**Task item**
Please copy the entries below word for word, leaving out any image.

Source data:
----------

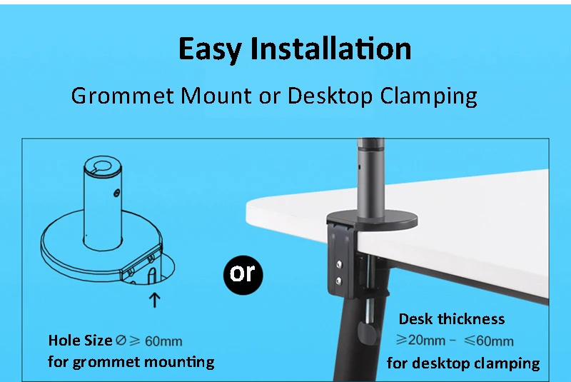 Instalación de abrazadera: para escritorio con un espesor de 20 mm a 60 mm
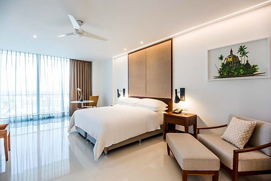 Cartagena’s beachfront sanctuary blends palm-fringed vistas with a private pool and spa/wellness packages, all set among terraces and garden views. Dining on site includes Portofino (Italian), Oceana (Seafood), and World Cafe (International), each with a family-friendly ambiance for sunset dinners or breezy lunches between adventures.
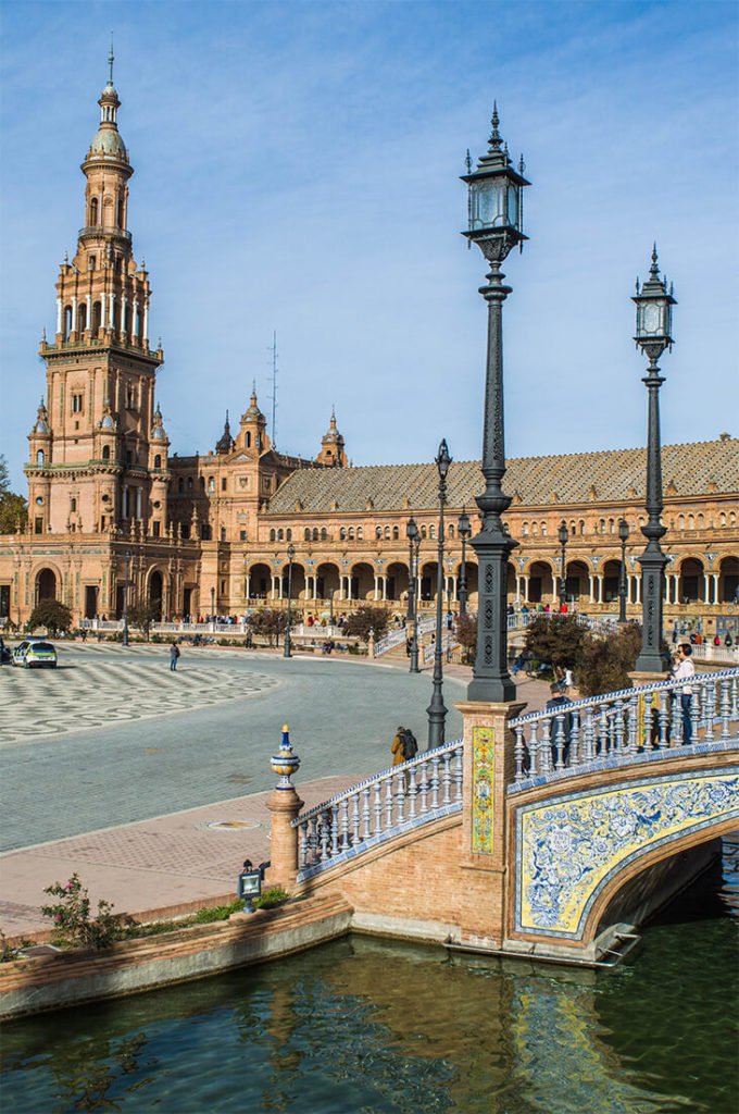 C’est une des places les plus spectaculaires de la ville. Construite entre 1914 et 1928 pour l’Exposition Ibéro-Américaine de 1929, elle est imposante par sa taille et par l’harmonie de son architecture.
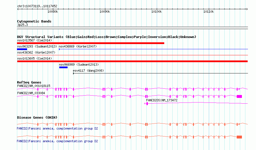 | | Variant Type | CNV loss | | Copy Number | | | Allele State | | | Allele Origin | | | Probe Count | | | Validation Flag | | | Merged Status | M | | Merged Variants | | | Supporting Variants | nssv3591931 | | Samples | | | Known Genes | FANCD2, FANCD2OS | | Method | SNP array | | Analysis | Affymetrix SNP array copy number analysis | | Platform | Affymetrix SNP Array 6.0 | | Comments | | | Reference | Coe_et_al_2014 | | Pubmed ID | 25217958 | | Accession Number(s) | nsv1013605
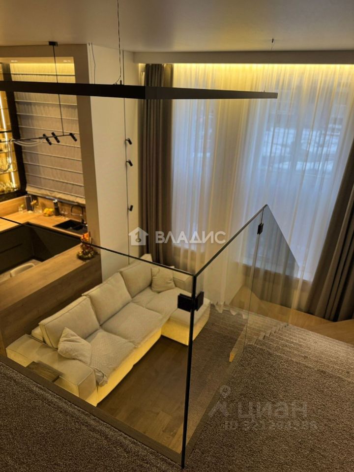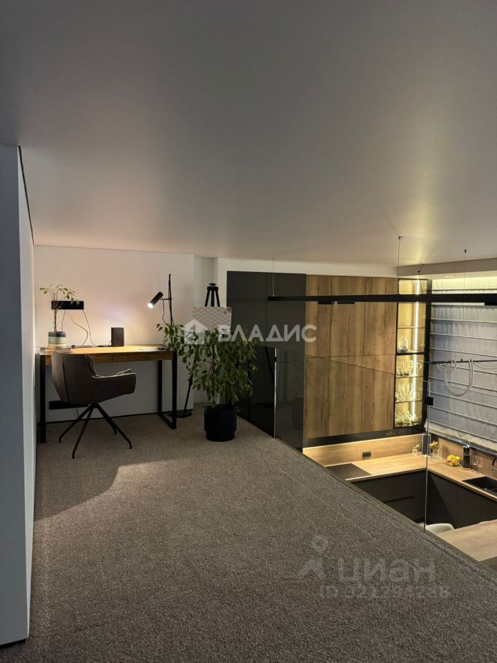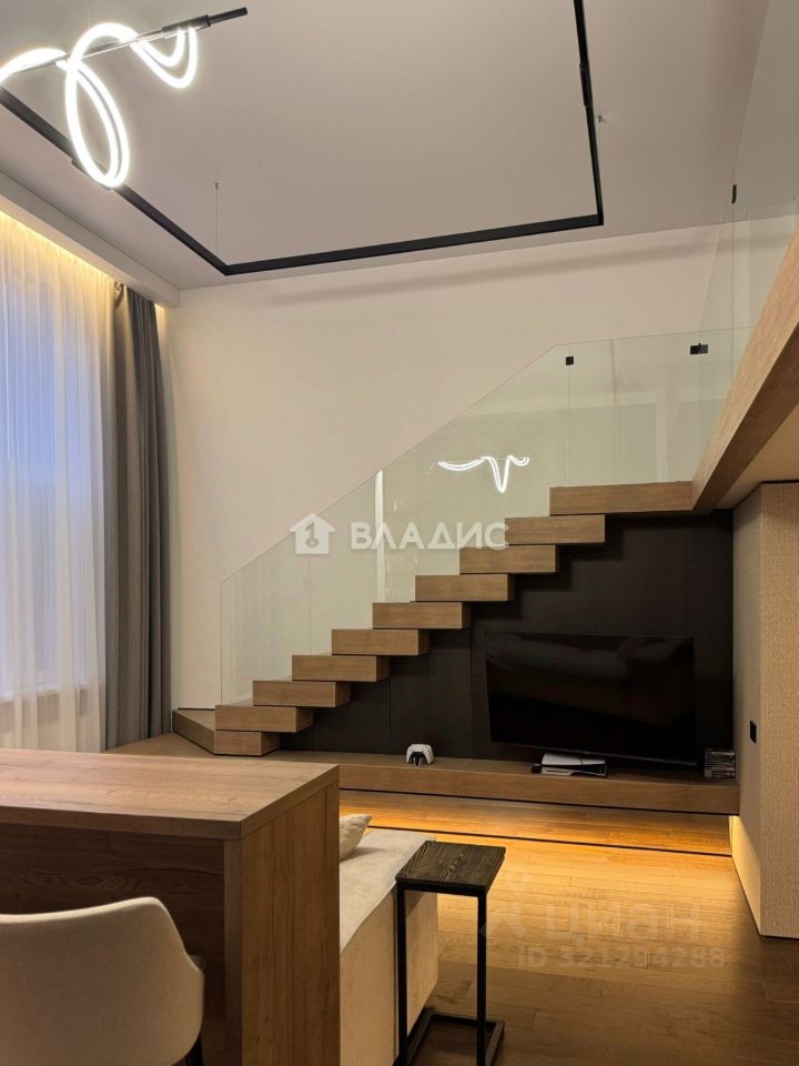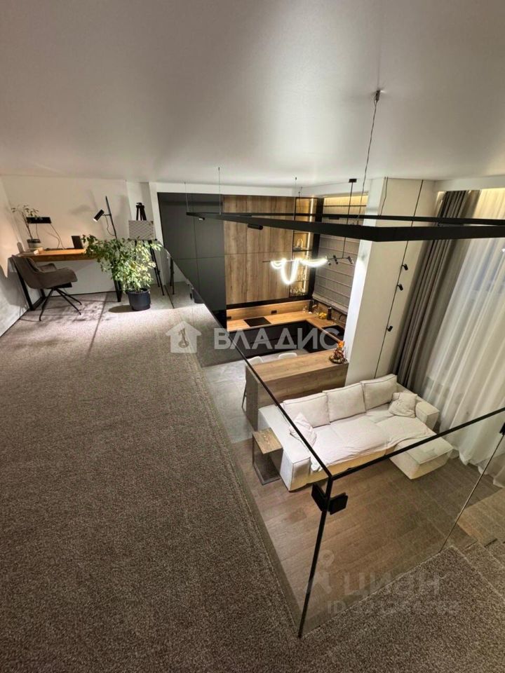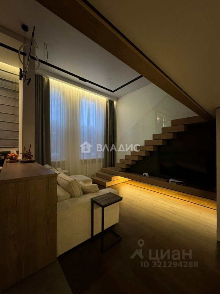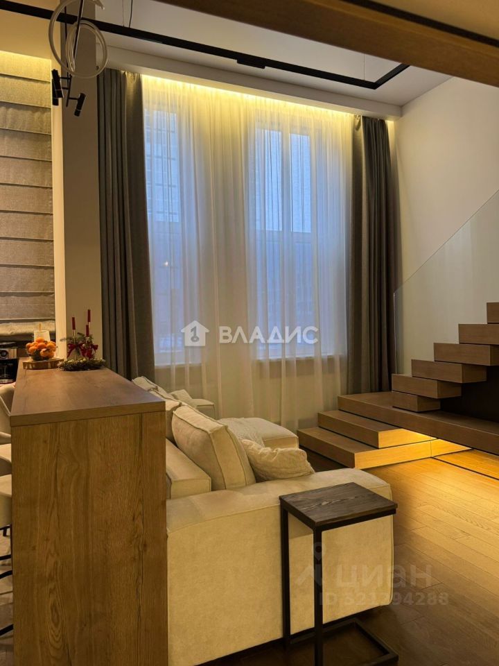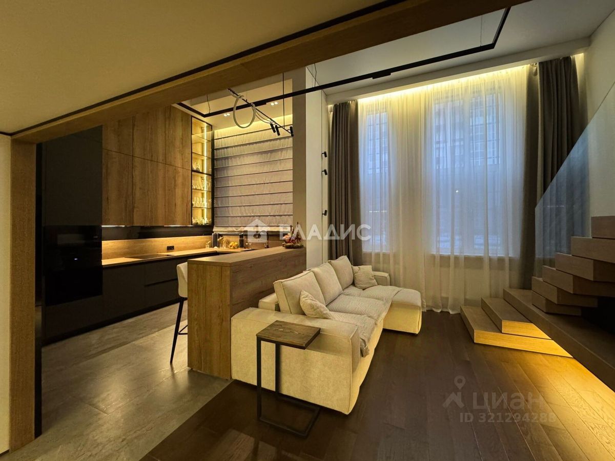 Квартира расположена на первом этаже 9-этажного монолитного дома, построенного в 2021 году. Общая площадь составляет 84 кв. м, кухня — 12,6 кв. м. Высота потолков 4,2 м создаёт ощущение простора и свободы. Окна выходят на улицу.
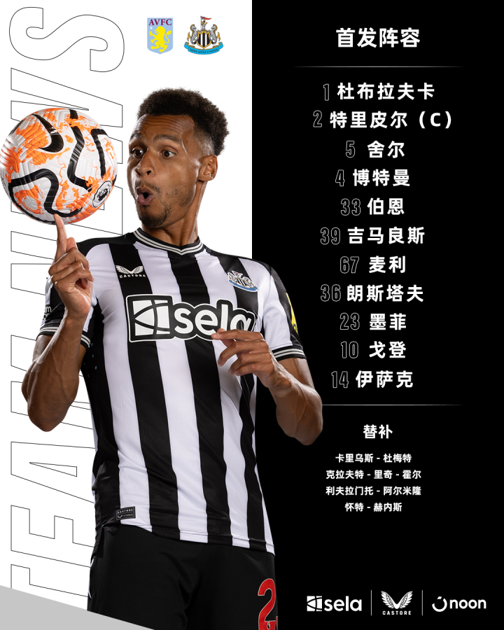 首发出炉🔥阿斯顿维拉 🆚 纽卡斯尔联麦利、墨菲继...
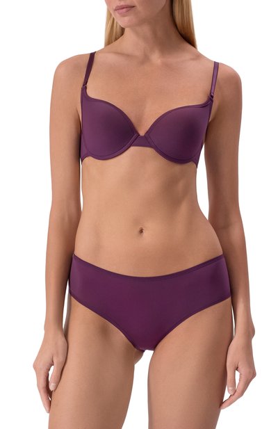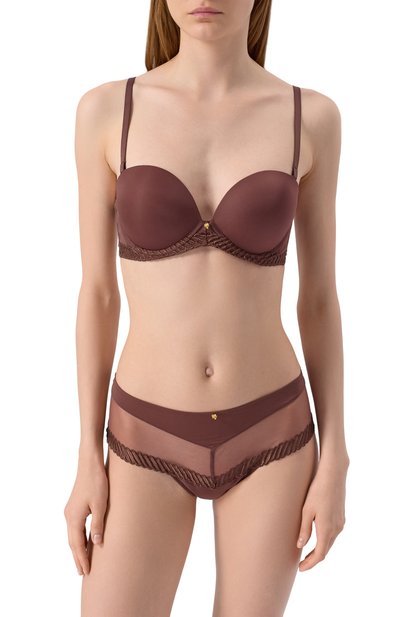 Бюстгальтер с треугольными формованными чашечками выполнили из смесовой микрофибры на основе полиуретана. Посадку модели из коллекции Sensation Plaisir можно регулировать слайдерами на бретелях и крючками на широком поясе с тремя вариантами объема.

----------

**Your response**
 Instalación de abrazadera: para escritorio con un espesor de 20 mm a 60 mm
 Cartagena’s beachfront sanctuary blends palm-fringed vistas with a private pool and spa/wellness packages, all set among terraces and garden views. Dining on site includes Portofino (Italian), Oceana (Seafood), and World Cafe (International), each with a family-friendly ambiance for sunset dinners or breezy lunches between adventures.
 C’est une des places les plus spectaculaires de la ville. Construite entre 1914 et 1928 pour l’Exposition Ibéro-Américaine de 1929, elle est imposante par sa taille et par l’harmonie de son architecture.
 | | Variant Type | CNV loss | | Copy Number | | | Allele State | | | Allele Origin | | | Probe Count | | | Validation Flag | | | Merged Status | M | | Merged Variants | | | Supporting Variants | nssv3591931 | | Samples | | | Known Genes | FANCD2, FANCD2OS | | Method | SNP array | | Analysis | Affymetrix SNP array copy number analysis | | Platform | Affymetrix SNP Array 6.0 | | Comments | | | Reference | Coe_et_al_2014 | | Pubmed ID | 25217958 | | Accession Number(s) | nsv1013605
 Квартира расположена на первом этаже 9-этажного монолитного дома, построенного в 2021 году. Общая площадь составляет 84 кв. м, кухня — 12,6 кв. м. Высота потолков 4,2 м создаёт ощущение простора и свободы. Окна выходят на улицу.
 首发出炉🔥阿斯顿维拉 🆚 纽卡斯尔联麦利、墨菲继...
 Бюстгальтер с треугольными формованными чашечками выполнили из смесовой микрофибры на основе полиуретана. Посадку модели из коллекции Sensation Plaisir можно регулировать слайдерами на бретелях и крючками на широком поясе с тремя вариантами объема.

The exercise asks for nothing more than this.